* **Description of the task**
Restate all of the entries exactly, dropping any pictures they hold.

Saved entries
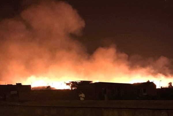 据一位目击者称,晚间9点左右,位于天津港保税区中储四号门旁的一家纸业公司内燃起熊熊大火,方圆三公里内能看见火势凶猛。
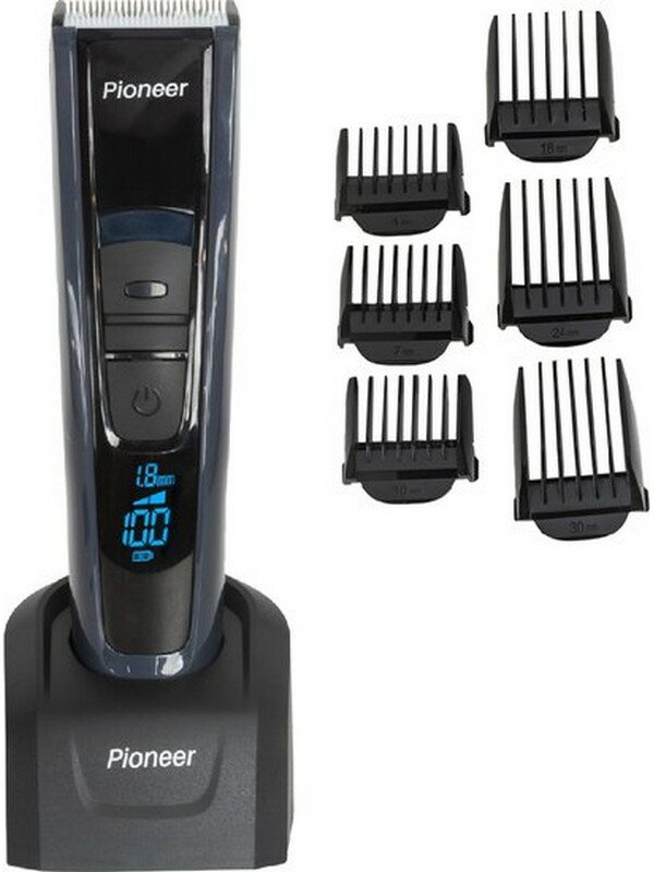 Машинка для стрижки волос Pioneer со стальным и керамическим движущимся лезвиями, 2 скорости, 7 насадок, работа от аккумулятора
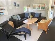 I stuen er der dejligt stort spisebord og stole, hyggeligt sofahjørne med sofa, kurvestole og sofabord. Fra stuen udgang til dejlig delvis overdækket terrasse med gode havemøbler. Plads til boldspil og leg i haven.
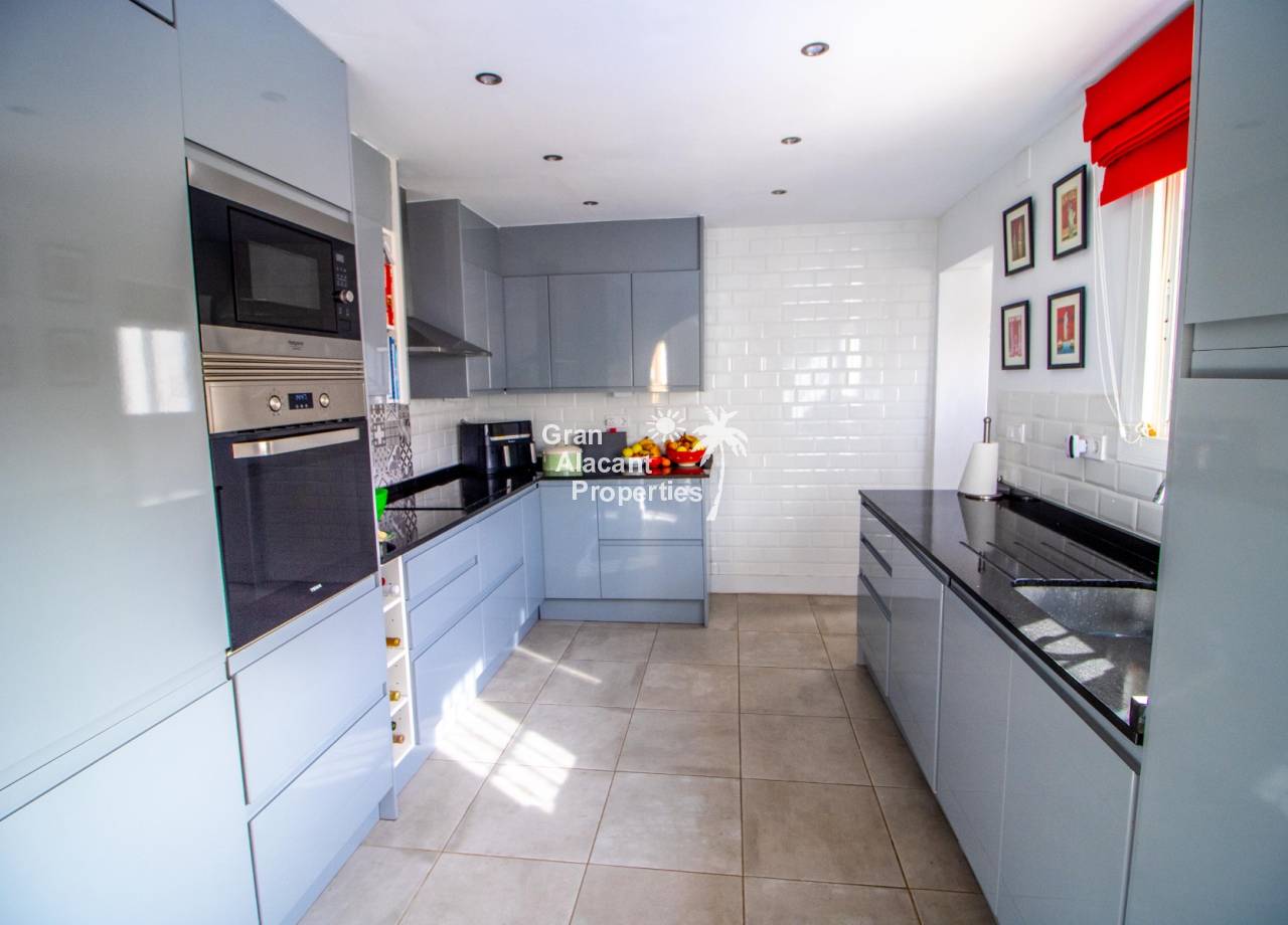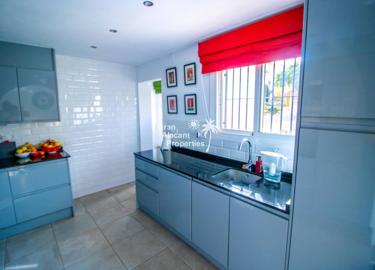 Junto al comedor se encuentra la cocina, completamente renovada, con armarios modernos de acabado gris brillo, encimera de cuarzo, panel decorativo hidráulico detrás de la placa y un elegante salpicadero de azulejo tipo metro. Mucha superficie de trabajo, gran capacidad de almacenaje y electrodomésticos nuevos hacen de esta cocina un verdadero sueño para quien disfruta cocinando. La ventana sobre el fregadero da al jardín y la piscina, perfecta para vigilar a niños o mascotas. Además, tiene acceso directo al exterior, muy cómodo para las comidas al aire libre.
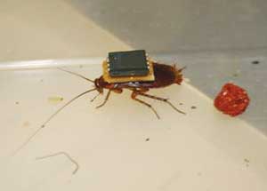 Las cucarachas utilizan sus antenas para conocer el entorno y no tropezar o chocarse con nada. Los científicos han implantado una «pequeña mochila» mediante una cirugía con anestesia que permite mediante un teléfono móvil generar impulsos para controlar las neuronas de sus antenas, lo que hace que la cucaracha gire pensando que hay algún obstáculo cerca.

* **Written solution**
 据一位目击者称,晚间9点左右,位于天津港保税区中储四号门旁的一家纸业公司内燃起熊熊大火,方圆三公里内能看见火势凶猛。
 Машинка для стрижки волос Pioneer со стальным и керамическим движущимся лезвиями, 2 скорости, 7 насадок, работа от аккумулятора
 I stuen er der dejligt stort spisebord og stole, hyggeligt sofahjørne med sofa, kurvestole og sofabord. Fra stuen udgang til dejlig delvis overdækket terrasse med gode havemøbler. Plads til boldspil og leg i haven.
 Junto al comedor se encuentra la cocina, completamente renovada, con armarios modernos de acabado gris brillo, encimera de cuarzo, panel decorativo hidráulico detrás de la placa y un elegante salpicadero de azulejo tipo metro. Mucha superficie de trabajo, gran capacidad de almacenaje y electrodomésticos nuevos hacen de esta cocina un verdadero sueño para quien disfruta cocinando. La ventana sobre el fregadero da al jardín y la piscina, perfecta para vigilar a niños o mascotas. Además, tiene acceso directo al exterior, muy cómodo para las comidas al aire libre.
 Las cucarachas utilizan sus antenas para conocer el entorno y no tropezar o chocarse con nada. Los científicos han implantado una «pequeña mochila» mediante una cirugía con anestesia que permite mediante un teléfono móvil generar impulsos para controlar las neuronas de sus antenas, lo que hace que la cucaracha gire pensando que hay algún obstáculo cerca.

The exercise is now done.